You can define different fetch configurations. By default, in the Administration Console, each new crawler is associated with a new fetcher configuration.
HTTP Common Parameters
Cookies are always processed, but never stored by default. They are
however automatically enabled, stored, and sent back on sites configured with an HTML form
authentication. The global Enable cookies for all sites parameter
allows you to store and send cookies for all sites. Only cookies following the standard
privacy rules are stored, as web browsers do.
The User agent by default identifies itself as a Mozilla-compatible
Exalead CloudView. When crawling the public internet, customize it with a URL pointing to a page
describing the crawler and how to contact the administrator.
The From field is empty by default, and can contain a contact email
address, which is useful when crawling the public internet.
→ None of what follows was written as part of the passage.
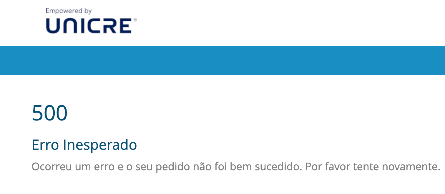 Fiz todo o processo normalmente, até à parte de assinar os documentos. Depois disso e de receber o codigo para assinatura no telemovel, ao submeter, vou ter diretamente a esta pagina de erro

You can add any HTTP header to the default request. The default
configuration only contains Accept : */* , which is required
by some sites.
Conditional Fetch
The fetcher uses the Last-Modified date and E-Tag
HTTP Headers to allow conditional fetch.
The crawler uses this condition when refreshing pages, to avoid fetching unchanged
documents. In that case, the server only answers 304 Not Modified .
HTTP Authentication
The fetcher can access pages protected through different kind of authentication protocols:
-
Basic only requires a username and a password. They are sent as
plain text in the HTTP request.
-
Digest requires a username, a password, and an optional realm.
Unlike Basic, the Digest protocol avoids sending the password as plain text.
-
NTLM requires a username, a password, and either a hostname or a
domain.
Configure URL patterns to tell the fetcher which sites the login information applies to.
They have the same syntax and meaning that the patterns used in the crawler configuration.
They must match only the URLs where the login information is required.
HTML Form Authentication
The fetcher also supports authentication using HTML forms. This applies to any website
where the login procedure involves filling in an HTML form and submitting it through a
POST request.
What You Must Know
To properly configure the fetcher to authenticate using an HTML form, gather the
following information:
-
Find patterns to identify which URLs require authentication. Sometimes authentication
is not required or not relevant to retrieve some parts of a website, for example
static resources or images. URL patterns are the same than for standard HTTP
authentication (see above), and the same recommendations apply. They work the same way
as crawl rule patterns, and support the same syntax.
-
Describe how to identify a successfully authenticated page from an unauthenticated
one. This authentication test requires a success/failure
condition, and is applied to all crawled URLs matching the above
patterns. You can either choose a characteristic of the failed authentication page, to
make a "failure condition", or a characteristic of a successfully authenticated page,
to make a "success condition". See below for examples.
-
Find the following information to authenticate:
Write a Correct Success/Failure Condition
A good condition must return:
- Failure if and only if the fetch result shows that you are not authenticated.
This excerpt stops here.